Barroga C F, Stevenson J K, Schwarz E M, Verma I M
Molecular Biology and Virology Laboratory, Salk Institute, San Diego, CA 92186-5800, USA.
Proc Natl Acad Sci U S A. 1995 Aug 15;92(17):7637-41. doi: 10.1073/pnas.92.17.7637.
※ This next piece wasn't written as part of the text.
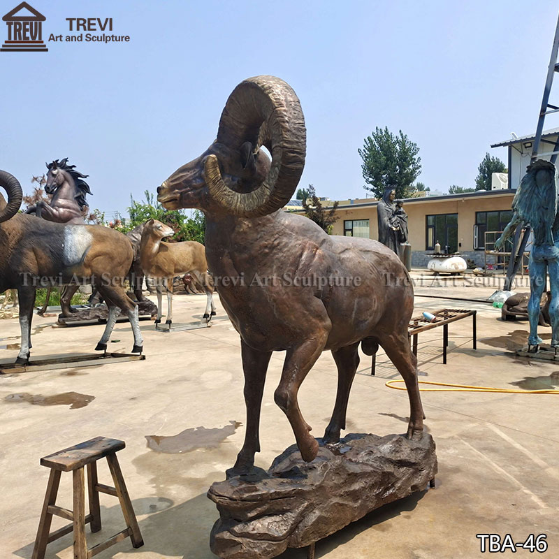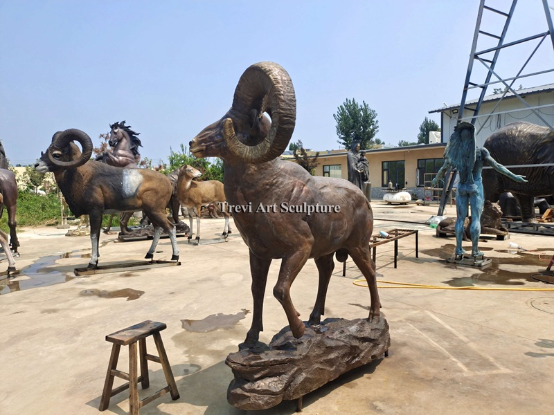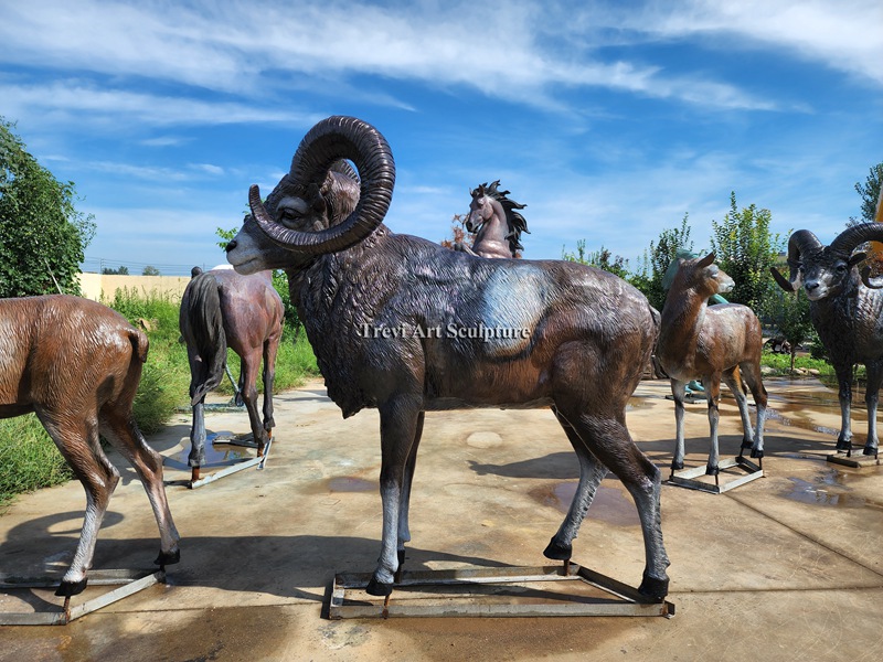 This bronze Bighorn Sheep sculpture features lifelike details, perfectly recreating the majestic presence of a North American bighorn sheep. Standing tall, its majestic, curved horns symbolize strength and resilience, brimming with dynamism and vitality. It’s perfect for parks, exhibition halls, and other settings, promoting the concept of harmonious coexistence between man and nature.

The NF-kappa B/Rel proteins are sequestered in the cytoplasm in association with the phosphorylated form of I kappa B alpha. Upon induction with a wide variety of agents, the activity of NF-kappa B/Rel proteins is preceded by the rapid degradation of I kappa B alpha protein. We report the identification and partial purification of a cellular kinase from unstimulated or stimulated murine cells, which specifically phosphorylates the C terminus of I kappa B alpha. There are several consensus sites for casein kinase II (CKII) in the C-terminal region of I kappa B alpha. Additionally, the activity of the cellular kinase is blocked by antibodies against the alpha subunit of CKII. No phosphorylation of the C-terminal region of I kappa B alpha can be detected if the five possible serine and threonine residues that can be phosphorylated by CKII are mutated to alanine. A two-dimensional tryptic phosphopeptide map of I kappa B alpha from unstimulated cells was identical to that obtained by in vitro phosphorylation of I kappa B alpha with the partially purified cellular kinase. We propose that constitutive phosphorylation of I kappa B alpha is carried out by CKII.
NF-κB/Rel蛋白与IκBα的磷酸化形式结合而被隔离在细胞质中。在用多种试剂诱导后,IκBα蛋白迅速降解,随后NF-κB/Rel蛋白的活性被激活。我们报道了从不经刺激或经刺激的鼠细胞中鉴定并部分纯化出一种细胞激酶,该激酶能特异性地使IκBα的C末端磷酸化。IκBα的C末端区域存在几个酪蛋白激酶II(CKII)的共有位点。此外,该细胞激酶的活性被抗CKIIα亚基的抗体所阻断。如果将CKII可磷酸化的五个可能的丝氨酸和苏氨酸残基突变为丙氨酸,则无法检测到IκBα的C末端区域的磷酸化。未经刺激的细胞中IκBα的二维胰蛋白酶磷酸肽图谱与用部分纯化的细胞激酶对IκBα进行体外磷酸化所获得的图谱相同。我们认为IκBα的组成型磷酸化是由CKII进行的。